In relation to its scale of operations, Tata AIG's capital position is adequate evidenced by a reported networth of Rs 3911 crore as of December 31, 2022. Networth remains supported by healthy internal accruals and, by frequent capital infusions by the parent companies. Total capital infused since 2012 aggregated to Rs 1,000 crore, with latest equity infused in 2020 aggregating to Rs 200 crore. Over the last 4 years, Tata Sons and AIG have infused fresh capital in Tata AIG in multiple tranches which is demonstrative of the strategic importance of the latter to its parent companies and, of the strong support which Tata Sons and AIG continue to extend to Tata AIG.

 

Expected high level of cushion in solvency ratio above regulator-specified minimum on a steady state basis

In line with expectation, Tata AIG has maintained sufficient cushion in solvency margin over the regulatory stipulation. As on December 31, 2022, the company reported a solvency ratio of 1.95 times. Tata AIG's solvency ratio is expected to remain comfortably above the regulator-specified minimum over the medium term. This is supported by the company's currently healthy capital position, robust risk management processes and, if needed, expected timely capital infusion from parents. Tata AIG continues to uphold its stance on maintaining a high level of cushion in its solvency ratio at all points in time, of which Tata Sons is also supportive. The cushion in solvency ratio over the regulator-specified minimum is a rating sensitivity factor, given likelihood of default in debt servicing on the subordinated debt instrument if the ratio falls below the regulator-specified minimum.

 

Modest albeit gradually improving underwriting performance

Underwriting performance of TATA AIG, though better than industry average, remains constrained by relatively higher operating expenses. While the company’s average claims ratios have remained at 75% over the last many years now – making it comparable to top peers, expense ratio – at over 30% - has been on the higher side. For nine months ended December 31, 2022, the company’s combined ratio reduced to 110.9% from 113.5% for the corresponding period of the previous fiscal. Over last one year, claims ratio decreased from 77.2% to 74.7% whereas expense ratio was at similar levels in both periods at 36% Resultantly, underwriting deficit for fiscal 9M 2023 marginally increased to Rs 679 crore from Rs 654 crore for the corresponding period of fiscal 2022. Nonetheless, despite modest underwriting performance, overall earnings profile remains supported by healthy investment income.

Liquidity: Strong

Liquidity position of Tata AIG remains comfortable supported by adequate investments in government securities. Liquid investments were Rs 9131.2 crore as on December 31, 2022, including a cash and bank balance of Rs 263 crore. Additionally, the company enjoys a high degree of flexibility to raise need-based funds from its parent companies.

Outlook:Stable

CRISIL Ratings believes Tata AIG will continue to derive strong financial, branding, and technical support from its parents, Tata Sons and AIG, both on an ongoing basis and during distress, and maintain high level of cushion in its solvency margin over and above regulatory minimum. Tata AIG will also continue to benefit from its expertise in niche segments in the commercial business and maintain robust risk management practices and sound investment quality. However, like most of the general insurance companies, Tata AIG is yet to demonstrate its ability to generate underwriting profits on a consistent basis.
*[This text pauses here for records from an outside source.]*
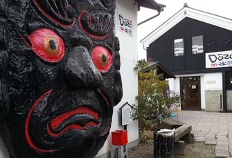 山あいの道を抜けた道の駅のそばに大きな大豆板地蔵尊の仏像がありました。その社は地震で痛んだためか補修がされていて近づけませんでした。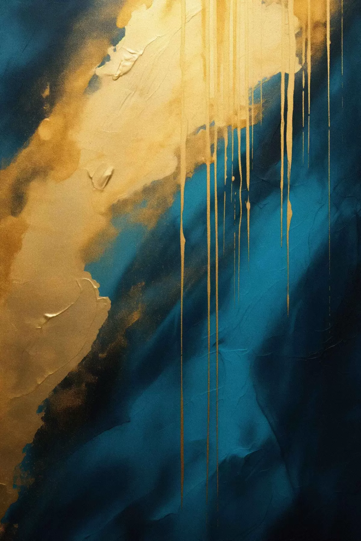 Maalid Teal ja sügavsinine abstraktne kujundus voolavate soojade rõhutatud detailidega Nr s46509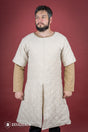 Outfit yourself with the classic Short-Sleeved Gambeson for a combination of protection and comfort. This traditional armored garment is made from soft cotton canvas which features light padding, which provides excellent defense without sacrificing freedom of movement. The strategically placed slits along its front and back are designed to let natural body curves move unimpeded in even the most rigorous medieval combat scenarios or LARP events, while short sleeves open up opportunities for intriguing layering options that will surely impress onlookers!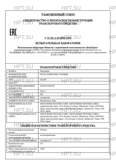| Коммерческое наименование | OUTLANDER PHEV HYBRID |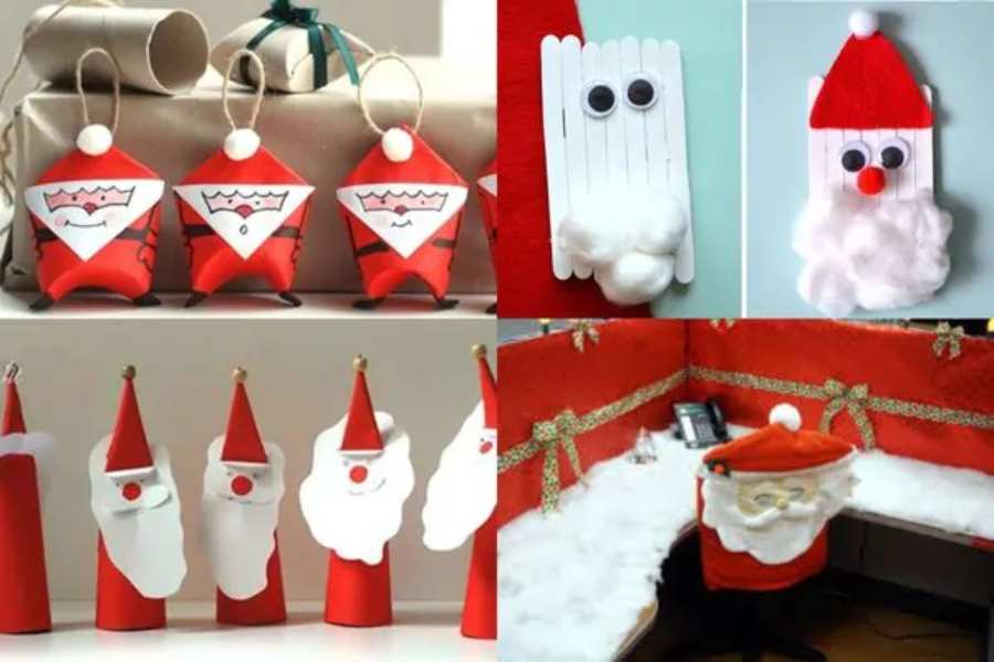 Nếu là một người khéo tay thì bạn có thể tự làm ông già Noel bằng giấy hoặc bông gòn để decor Giáng Sinh cho văn phòng. Các bạn chỉ cần sử dụng một số dụng cụ như: Bông gòn, mút, màu,…. là có thể tạo nên những món đồ trang trí tuyệt đẹp và “khoe” được sự khéo tay của mình.

Rating Sensitivity factors

Upward factors

  • Significant increase in the extent of ownership in, or strategic importance of, Tata AIG to Tata Sons.
  • Significant improvement in competitive positioning in the retail segment alongside improvement in underwriting profitability, reflected in the combined ratio remaining below 99% consistently.

 

Downward factors

  • Decline in steady state solvency ratio to below 1.7 times.
  • Substantial increase in underwriting losses, thereby adversely impacting the solvency ratio
  • A downward revision in CRISIL rating’s view on Tata Sons or/and, a sizeable reduction in the extent of ownership in, or strategic importance of, Tata AIG to Tata Sons.

About the Company

Tata AIG is India’s fourth-largest private sector general insurance company. It is a joint venture between Tata Sons and AIG in a 74:26 ratio. Tata AIG operates through a network of over 213 branches as of December 31, 2022.

Key Financial Indicators

As on / for the period ended 31

 

Dec-22

Mar-22

Mar-21

Gross direct premium written

Rs. Cr.

9350

10025

8042

Networth

Rs. Cr.

3911

3439

2984

Profit after tax

Rs. Cr.

473

454

448

Combined ratio

%

110.9%

112.2%

110.1%

Solvency margin

Times

1.95

1.97

2.22

Any other information: Not applicable

Note on complexity levels of the rated instrument:
CRISIL Ratings` complexity levels are assigned to various types of financial instruments and are included (where applicable) in the 'Annexure - Details of Instrument' in this Rating Rationale.

CRISIL Ratings will disclose complexity level for all securities - including those that are yet to be placed - based on available information. The complexity level for instruments may be updated, where required, in the rating rationale published subsequent to the issuance of the instrument when details on such features are available.

For more details on the CRISIL Ratings` complexity levels please visit www.crisilratings.com. Users may also call the Customer Service Helpdesk with queries on specific instruments.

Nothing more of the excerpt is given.